Randomized/Controlled Proof of Concept Studies in Diabetic Retinopathy and the Dry Form of AMD (Retinal Degeneration)

InflammX has carried out significant in vitro and pre-clinical models of disease studies, demonstrating the mechanism of action and the effect of Xiflam in modifying the pathology mediated by the NLRP3 Inflammasome.

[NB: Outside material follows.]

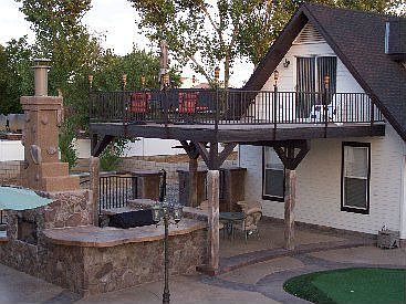 This custom estate sits on over an acre of land and has been designed for both family and entertainment - from the inviting front porch and spacious interior, to the resort styled rear yard. The front of the estate is beautiful with custom wrought iron & lit column fencing containing two entrances each having enormous dual swinging gates. The property features so many amenities we can only list a few here: Large entry with dormer window, beautiful Dining room complete with chandelier, matching wall sconces and accent lighted crown molding, the Great Room which features a magnificent wood burning fireplace flows freely into a kitchen designed for the family chef as well as entertaining. This well appointed kitchen features granite counter tops, full tumbled stone back splash, stainless steel appliances, abundance of cabinetry with self closing drawers, roll out cabinet drawers, turn style corner cabinet, finished with crown molding and under cabinet lighting, there’s even a custom island. The homes split floor plan design gives privacy to a master suite with French doors, crown molding, a coffee/wine bar, large walk in closet with custom shelving and a spacious bath room which includes a Jacuzzi tub, full tiled shower, large mirrored vanity with dual sinks and tiled top. There are expansive views of the homes rear yard from the master suite, Great room and Kitchen via two sets of French doors and large picturesque windows. The East wing of the home has a large laundry room, two more bedrooms, a full bath room and access to the upstairs bonus area which is suitable for many uses. The bonus area also gives access to the upper terrace deck for an impressive view of the property’s rear grounds, private dining, sun bathing and beautiful sunsets. The rear of the home has a full length covered patio with custom rock and log designed railing which leads down to the putting green, casita and entertainment area. The 875 square foot casita/guest house has a full length cust

·       These studies include challenging RPE cells to signal the Inflammasome which in turn activated multiple pro-inflammatory cytokines. The measurement of overexpressed Cx43 hemichannels, release of ATP extra-cellularly and Inflammasome activation under challenged conditions of the RPE were accurately measured. Similarly pro-inflammatory cytokines were measured as a result of the inflammasome activation and assembly.  

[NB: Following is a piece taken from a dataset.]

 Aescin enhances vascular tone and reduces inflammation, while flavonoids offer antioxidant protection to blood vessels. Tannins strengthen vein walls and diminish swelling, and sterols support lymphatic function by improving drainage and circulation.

Subsequent deactivation of the inflammasome was measured following addition of the pathological Cx43 Hemichannel blocker (XiflamTM). Both the Inflammasome and the pro-inflammatory cytokines went back to physiological baseline.

·       In a critically important model of ischemia/reperfusion where the IOP in a rat eye is raised to 120mm/Hg for 60 minutes and then allowed to reperfuse by acute dropping of the IOP, leakage in retinal blood vessels was measured in both the placebo and drug (Cx43 blocker/XiflamTM)  treated animals. Treated eyes demonstrated 86% less leakage than the placebo treated controls. This is a critical experiment since ischemia/perfusion is integral to the diseases InflammX is treating in the clinic.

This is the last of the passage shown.